Do you want to integrate this API into your environment? Check our Developer Tools!

Changelog

Version Date Status
2.0 22/September/2020

2.0.35 (22/September/2020)

  • Resources have been updated.

2.0.34 (10/September/2020)

  • Minor bugs have been fixed and resources have been updated.

2.0.33 (05/May/2020)

  • Terminology associated to the COVID-19 crisis has been added.
  • Minor bugs have been fixed and resources have been updated.

2.0.32 (12/February/2020)

  • The concept extraction algorithm has been modified to avoid false positives.
  • Minor bugs have been fixed and resources have been updated.

2.0.31 (06/February/2020)

  • Coverage for full names detected through heuristic rules has been improved in Arabic, Chinese and Russian.

2.0.30 (14/January/2020)

  • The ontology value CASHTAG (Top>ID>Cashtag) has been renamed for the more generic name TICKER, and ticker detection has been improved.

2.0.29 (18/December/2019)

  • Partial support has been added for Arabic.

2.0.28 (04/December/2019)

  • Partial support has been added for Russian.

2.0.27 (20/November/2019)

  • Partial support has been added for Chinese.

2.0.26 (24/October/2019)

  • Minor bugs have been fixed and resources have been updated.
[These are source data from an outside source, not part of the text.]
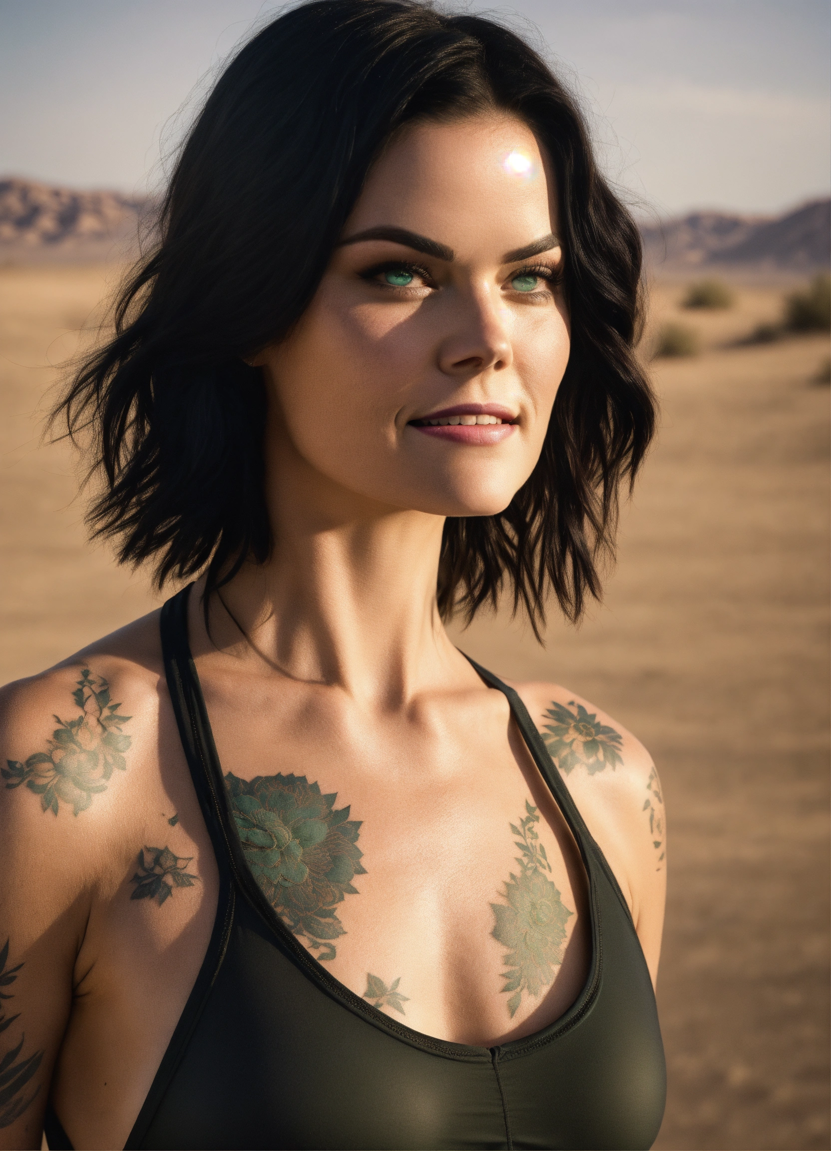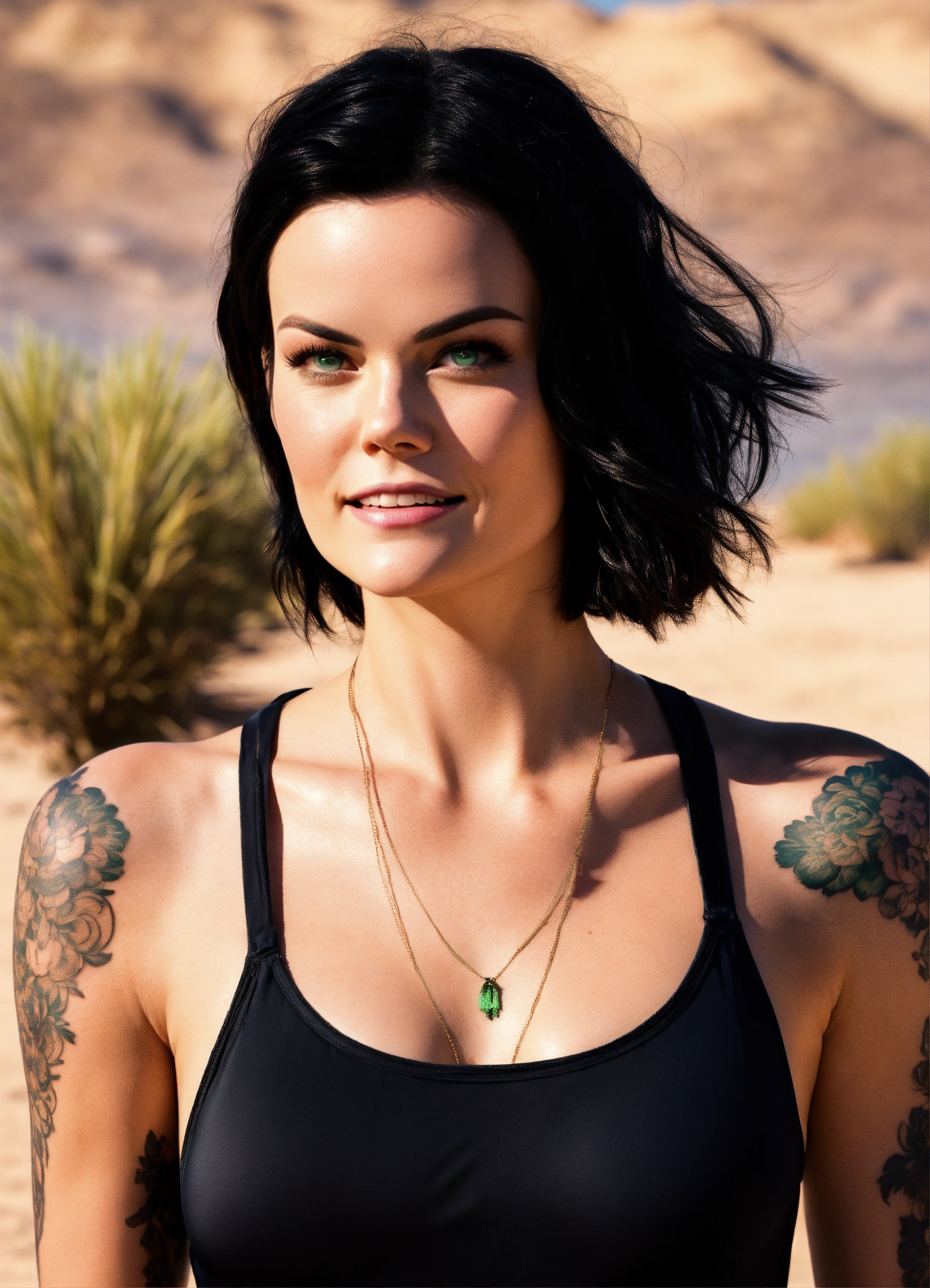 Beautiful jaimie alexander with light green eyes and face with dark makeup as jane doe in blindspot tv series, dressed with two pieces black swimsuit, smiling, full body, tatooed, walking in a desert, 8k resolution, photorealism, hard light photo, hyper detailed, intricately detailed
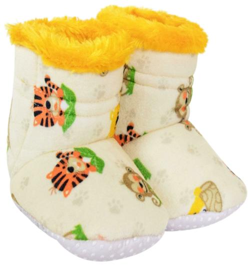 - pack of 1 beige baby booties with inside towel cotton base, velvet and fur outside and anti skid silicon gel sole, animal printed baby booties
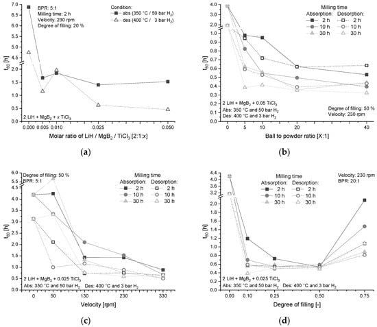 Kinetic behavior, expressed by means of t80, as function of (a) additive content, (b) BPR, (c) milling velocity, and (d) degree of filling. All sets are for absorption and desorption, and display different milling times.
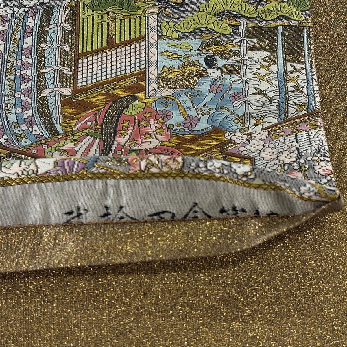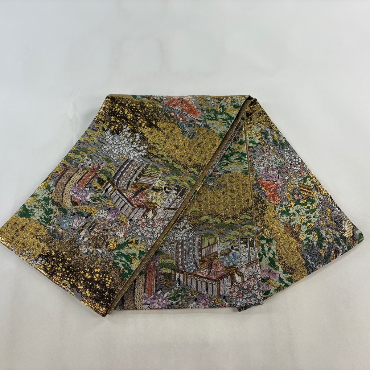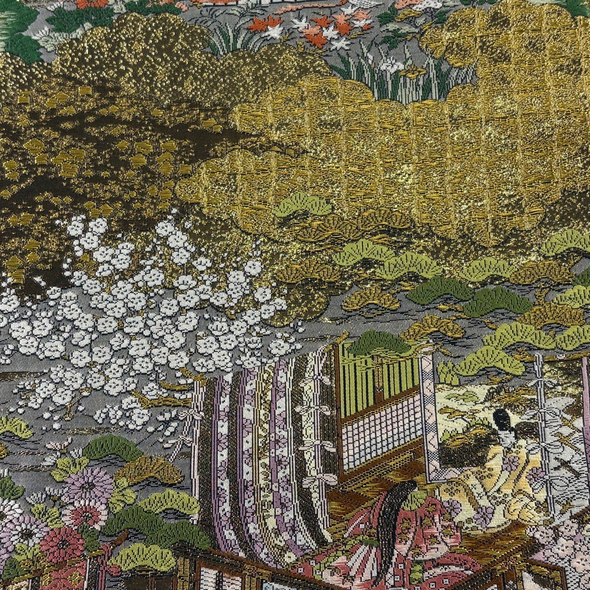 【美品】 袋帯 秀品 人物 雲文 金糸 箔 金色 お太鼓柄 正絹

2.0.25 (04/September/2019)

  • Minor bugs have been fixed and resources have been updated.

2.0.24 (03/April/2019)

  • Resources have been updated.

2.0.23 (13/March/2019)

  • Minor bugs have been fixed, and resources have been updated.

2.0.22 (22/January/2019)

  • Improvements added to entity detection for companies and initialisms.
  • Minor bugs have been fixed, and resources have been updated.

2.0.21 (12/December/2018)

  • Bug fix for recursive search of money expressions.
  • Improvements added to variants detection of entities.
  • Minor bugs have been fixed, and resources have been updated.

2.0.20 (06/November/2018)

  • Improvements added to money expressions detection and to overall performance when processing HTML content.
  • Minor bugs have been fixed, and resources have been updated.

2.0.19 (22/August/2018)

  • Improvements have been added to money expressions detection as well as for company detection heuristics.
  • Minor bugs have been fixed, and resources have been updated.

2.0.18 (19/July/2018)

2.0.17 (28/June/2018)

  • Minor bugs have been fixed, and resources have been updated.

2.0.16 (31/May/2018)

  • Time and quantity expressions have been refactored to follow a more coherent criteria.
  • Addresses detection has been improved, including zip code detection.
  • Minor bugs have been fixed for heuristic detection.
  • Resources have been updated.

2.0.15 (12/April/2018)

  • Resources have been updated.

2.0.14 (03/April/2018)

  • Minor bugs related to the heuristic detection of entities have been fixed.

2.0.13 (18/January/2018)

  • Minor bugs have been fixed, and resources have been updated.
  • Relevance calculations have been improved for concept and entity detection.

2.0.12 (13/November/2017)

  • Minor bugs have been fixed, and resources have been updated.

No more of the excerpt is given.